Smith v. Zimmerman

85 Wis. 542 | Wis. | 1893

PiNNey, J.

1. The appellant contends that because the plaintiff was not in possession of the premises when she brought her action she cannot maintain it to remove a cloud upon the title. The action is not founded on the statute (S. & B. Ann. Stats, sec. 3186), but is an application to the inherent jurisdiction which courts of equity possess to prevent or remove clouds on title to land, and which they have exercised from a very early period. Evidence aliunde the record of the judgment becomes necessary to show that the premises in question, at the time of the recovery and docketing of the judgment by the defendant Zimmerman, were the homestead of the Sanborns, and that while it is an apparent lien it is in reality no lien or charge thereon. The Sanborns had a right thereafter to sell and convey their homestead, and the purchaser, the plaintiff, would take a valid title, free from the lien of the judgment. S. & B. Ann. Stats, sec. 2983. The plaintiff, as such purchaser, has a right to maintain this action to procure an adjudication declaring that the judgment in question, is not a lien or charge on the premises she had purchased, and to prevent a sale thereof by any process depending for its valid*545ity solely upon the judgment, although she is not in actual possession; otherwise, she might be without adequate remedy. The point raised by the appellant has been so frequently decided that further- discussion is not necessary. Pier v. Fond du Lac, 38 Wis. 479; Goodell v. Blumer, 41 Wis. 436, 442, and cases cited.

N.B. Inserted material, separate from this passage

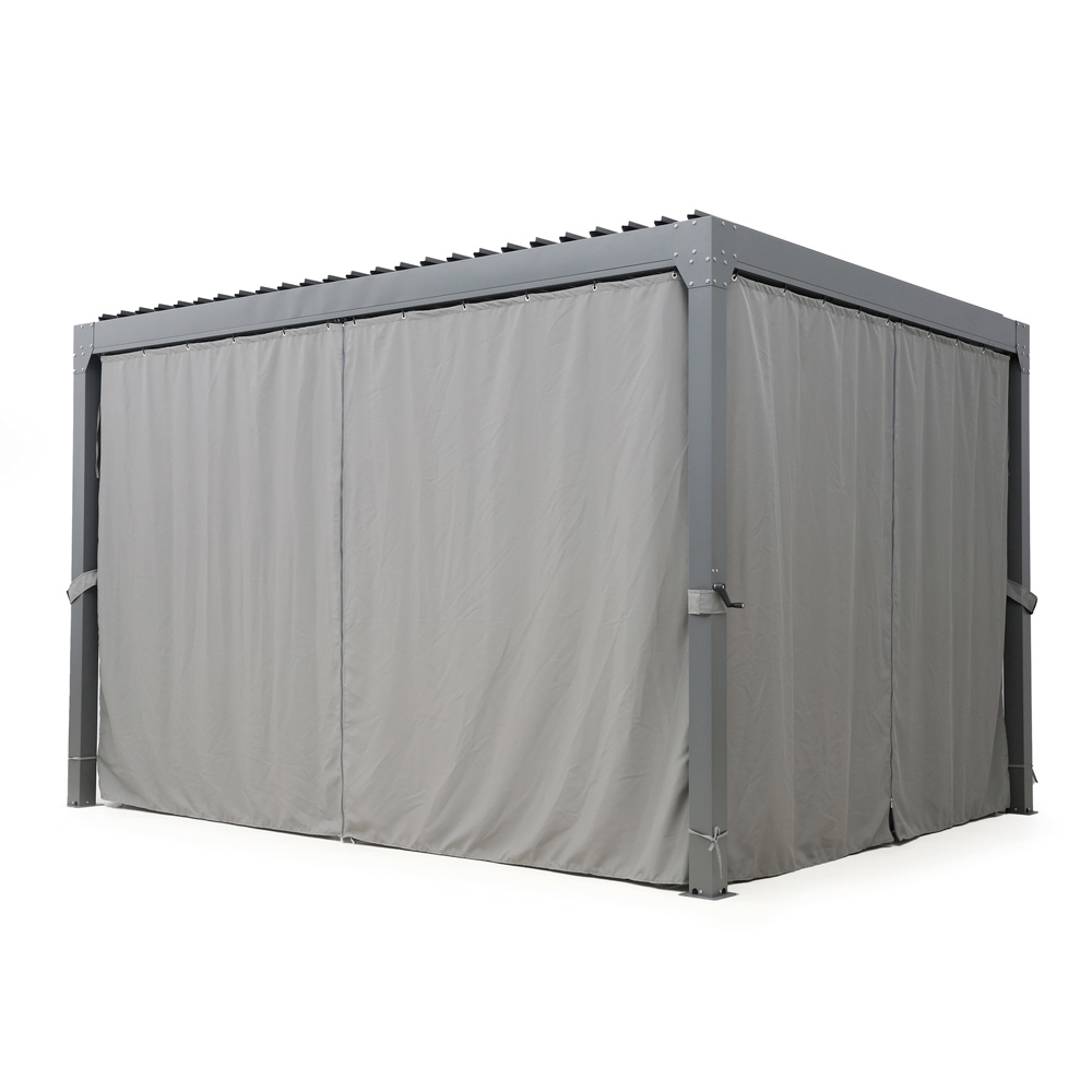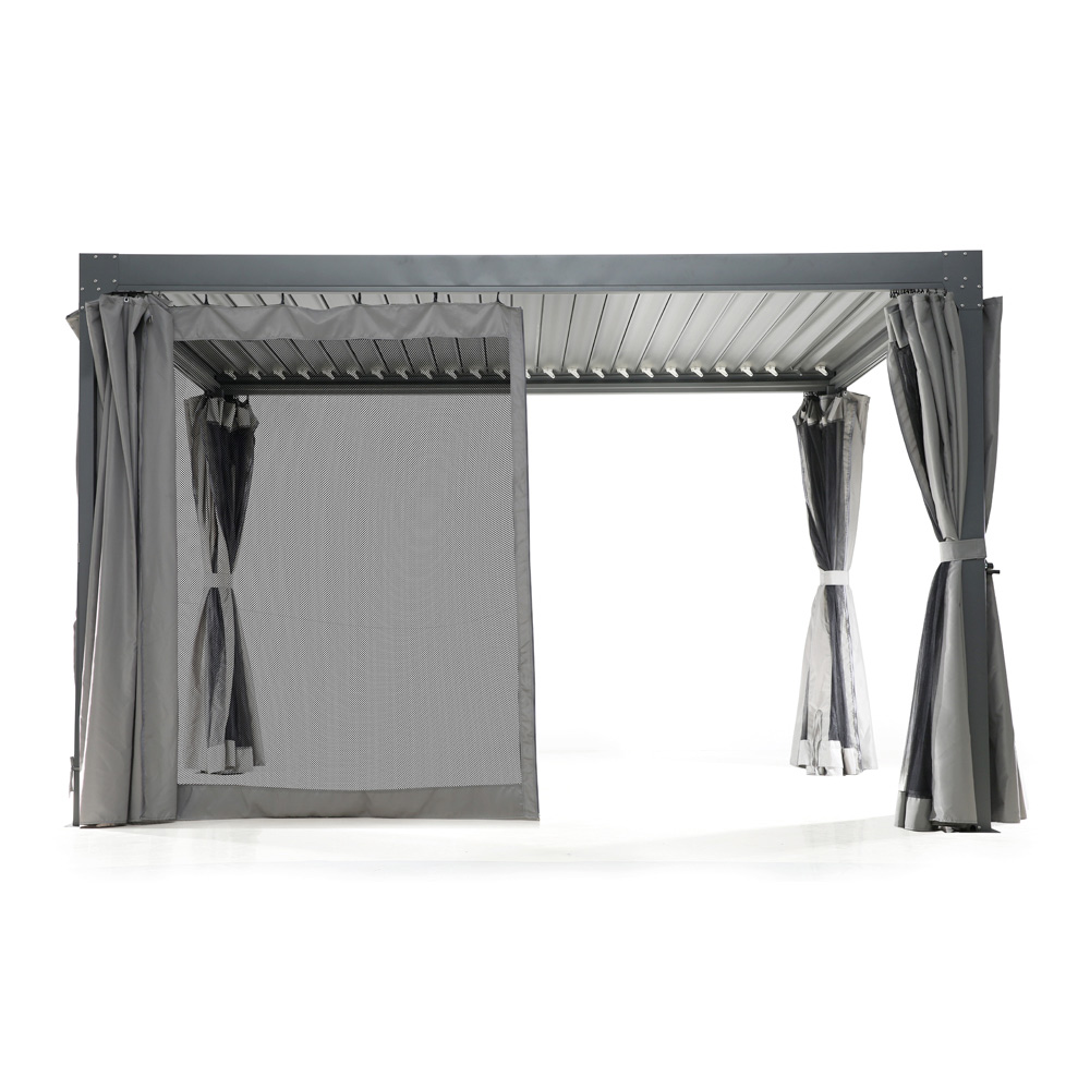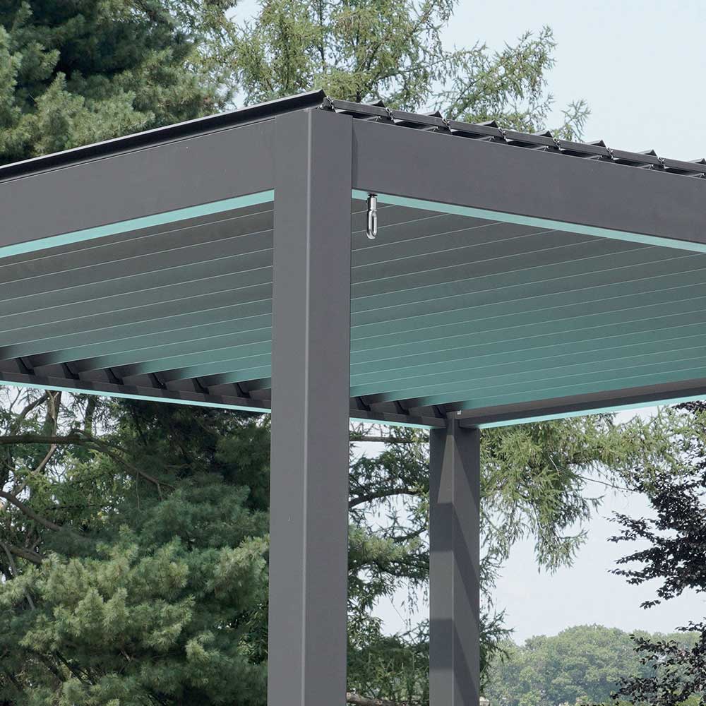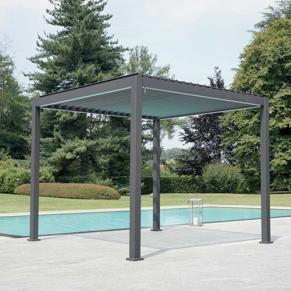 Denne havepergola repræsenterer den perfekte balance mellem moderne design og avanceret funktionalitet . Dens malede aluminiumsstruktur , solid og modstandsdygtig over for elementerne, giver et strejf af minimal elegance , der integreres perfekt i prestigefyldte udendørs miljøer, såsom private haver , terrasser eller poolkanter .

2. The allegations of the complaint are sufficient to show that the plaintiff is entitled to the relief she seeks. The only objection made is that the complaint does not show that the premises were the homestead of the Sanborns at the time of the issuing of the execution and its levy. This was not necessary. The execution and sale under it are but the means of carrying into effect the lien given by the statute. The statute makes judgments a lien on lands of the debtor, and no levy or seizure by the sheriff became or was necessary, and in practice there is no such thing as a levy of execution upon real estate. All that is necessary to make a regular sale upon execution issued upon a judgment is to publish the notice of sale as required by the statute, and make the sale at the time mentioned in the published notice.” Shafer v. Phoenix Ins. Co. 53 Wis. 361; Hammel v. Queen’s Ins. Co. 54 Wis. 72. The seizure is already made when the execution comes,to the sheriff’s hands. Wood v. Colvin, 5 Hill, 230, 231. No entry of a levy upon the execution is necessary to perfect the sale. Colt v. Phœnix F. Ins. Co. 54 N. Y. 595. The exemption which existed when the judgment was docketed could not be impaired by a sale of the premises, but would extend to the proceeds derived from such sale, while held by the Sanborns with the intention to procure another homestead therewith, for a period not exceeding two years. By the agreement of sale of October 4,1890, from the Sanborns to Durkee while the premises were clearly exempt, he became the equitable owner thereof, subject to the payment of the unpaid purchase money; the Sanborns holding the legal title as a *546security merely for its payment. The plaintiff has succeeded to the rights of the Sanborns. No sale of the premises on execution founded on this judgment can affect the rights of either the plaintiff or Durkee in the least degree.

The circuit court properly overruled the defendant’s demurrer.

By the 'Court.— The order of the circuit court is affirmed.